Top of Information shown

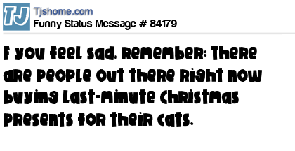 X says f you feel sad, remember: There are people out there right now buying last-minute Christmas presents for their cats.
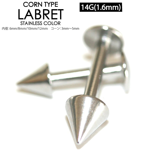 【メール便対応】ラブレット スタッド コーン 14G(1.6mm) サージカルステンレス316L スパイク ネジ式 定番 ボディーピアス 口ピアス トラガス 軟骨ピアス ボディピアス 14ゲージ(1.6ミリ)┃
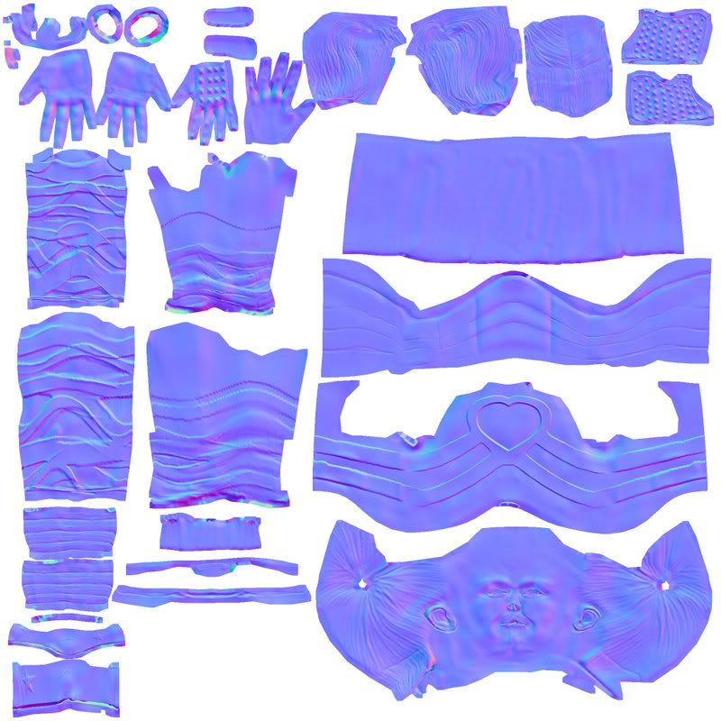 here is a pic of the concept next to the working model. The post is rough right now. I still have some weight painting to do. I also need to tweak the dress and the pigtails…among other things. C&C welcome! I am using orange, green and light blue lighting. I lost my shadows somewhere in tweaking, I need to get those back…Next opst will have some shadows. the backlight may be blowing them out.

Bottom of Information shown

Goal of the exercise:
The whole listing above is to be repeated exactly, apart from its pictures.

Exercise result:
 X says f you feel sad, remember: There are people out there right now buying last-minute Christmas presents for their cats.
 【メール便対応】ラブレット スタッド コーン 14G(1.6mm) サージカルステンレス316L スパイク ネジ式 定番 ボディーピアス 口ピアス トラガス 軟骨ピアス ボディピアス 14ゲージ(1.6ミリ)┃
 here is a pic of the concept next to the working model. The post is rough right now. I still have some weight painting to do. I also need to tweak the dress and the pigtails…among other things. C&C welcome! I am using orange, green and light blue lighting. I lost my shadows somewhere in tweaking, I need to get those back…Next opst will have some shadows. the backlight may be blowing them out.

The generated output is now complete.